Пальцы выбивают «302». Сердце вновь принимается играть в азбуку Морзе и играет до тех пор, пока через домофон не раздаётся голос Билла:
– Проходи.
Дверь пищит, а сердце перебирается на американские горки. Так всегда? Что вообще происходит, и с чего я так нереально хочу растянуть губы в счастливой улыбке?
В лифте тоже действую на автомате, на этаже у распахнутой двери меня ждёт Билл, около его ног крутится серый кот.
– Привет, – выдыхаю я и замираю в нерешительности.
А что делать-то? Казимир подбегает ко мне и начинает виться вокруг моих ног… Кхм. Казимир?
– Что застыл? На кухне обалденная домашняя пицца, – Билл показательно облизывается и скрывается в квартире. Кот бежит за ним.
Мой мир просто рухнул сейчас. И я падаю в неизведанную пропасть, там всё черным-черно, мне ничего непонятно, но я других путей искать не собираюсь, мне так комфортно падать, лететь туда. Как под гипнозом, скидываю кроссовки и прохожу на кухню вслед за Биллом. Обстановка квартиры знакома, я знаю, где его комната. Комната, между прочим, светлая, там стоит кровать, небольшой столик и глубокое кресло. Ноутбук, скорее всего, валяется на кровати, как обычно.
Кухню тоже знаю. Мебель, вытяжка, овальный стол и моё место справа, напротив Билла. Ага, я здесь всегда сижу.
– Ты какой-то задумчивый сегодня, – замечает Билл, разрезая пиццу. – И вообще сдаётся мне, мы опоздаем.
– Ну и пусть, – небрежно говорю я, следя за каждым движением Каулитца.
– Между прочим, Диди себя не очень хорошо чувствует. Мне кажется, наши эксперименты в этом тоже виноваты…
Он продолжает что-то говорить с улыбкой, а я жадно уминаю пиццу и не свожу с него глаз.
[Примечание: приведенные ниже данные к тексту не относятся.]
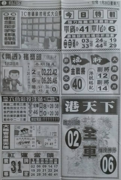 [539報牌] 1/20港天下-六合彩參考 attach_img
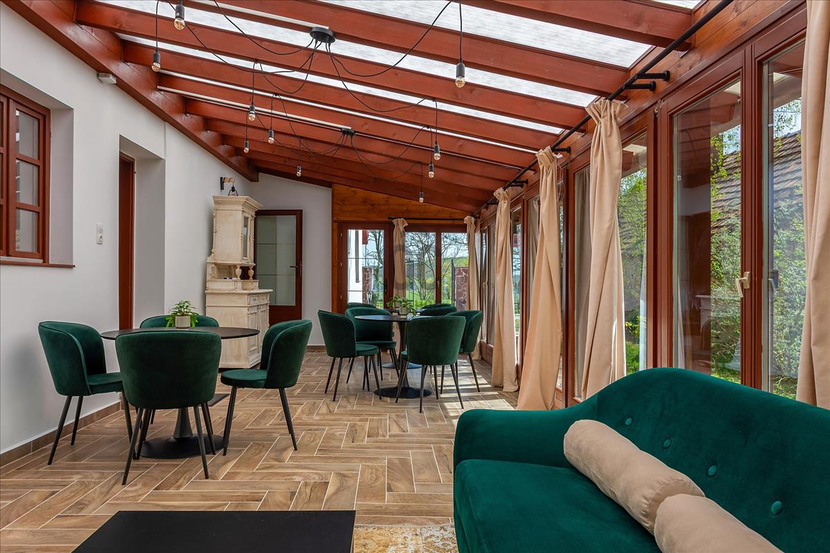 Fedett télikert: világos közösségi tér nagy üvegfelületekkel – ideális reggeliztetéshez vagy vendégrendezvényekhez

Билл либо не видит, либо предпочитает не видеть, либо я так всегда смотрю. Мне несвойственно чувство влюблённости, я чаще обхожусь обыкновенной симпатией, но пару раз мне сносило крышу. Жаль, я никак не могу понять, от кого. И к чему об этом думаю, тоже туго доходит.
– А ты как?
– Отлично, – тут же отмираю я. – Только футболка всё же пострадала, конкретно так прожгли.
Чем прожгли?
– Главное – результат. Просто четвёртый человек нужен, зря ты от помощи Аниты отказался.
Показательно давлюсь, вызывая улыбку у Билла. Кажется, до меня дошло, кто такая – да, девушка – Феллер и почему она у меня записана по фамилии.
– И без неё нормально.
– Что ты к ней так относишься вообще?
– Билл, у нас с ней несовместимость по всем параметрам, я её не выношу рядом и не могу понять, как ты с этой… общаешься, – выплёвываю я.
Билл пожимает плечами. Он, кажется, погрустнел, и мне от этого светлее не становится.
– Как знаешь.
– Ладно, прости. Просто мы с ней не можем контачить, это как ясный день…
– Я тоже много с кем контачить не могу, это для людей нормально, знаешь ли, – Билл слегка снисходительно улыбается, и я узнаю в этой улыбке ту, что когда-то видел раньше. Только что это теперь – то раньше?
Я всегда раздражался, когда он посылал мне гаденькие взгляды, полные неприязни, и снисходительно улыбался. Вообще такая улыбка от любого человека – не самое приятное, что может случиться в светлый час. Но без чего-то негативного равновесия в жизни мы бы точно никогда не увидели.
Если рассуждать об этом, то можно предположить, что моя жизнь таким образом это равновесие восстанавливает, хотя теория достаточно глупа.
– О чём задумался?
Билл убирает со стола опустевшие тарелки и скидывает в посудомоечную машину, видимо, до лучших времён.
Во мне разгорается что-то отрицательное, я буквально вижу со стороны, как меняется моё выражение лица, но ничего не могу с собой сделать. Мне надо срочно ответить ему что-то, просто немедленно, но ни одна из желаемых фраз не может сорваться с уст. Рот мне заклеили, что ли?!
– Ни о чём, – загнанным голосом, наконец, отвечаю я.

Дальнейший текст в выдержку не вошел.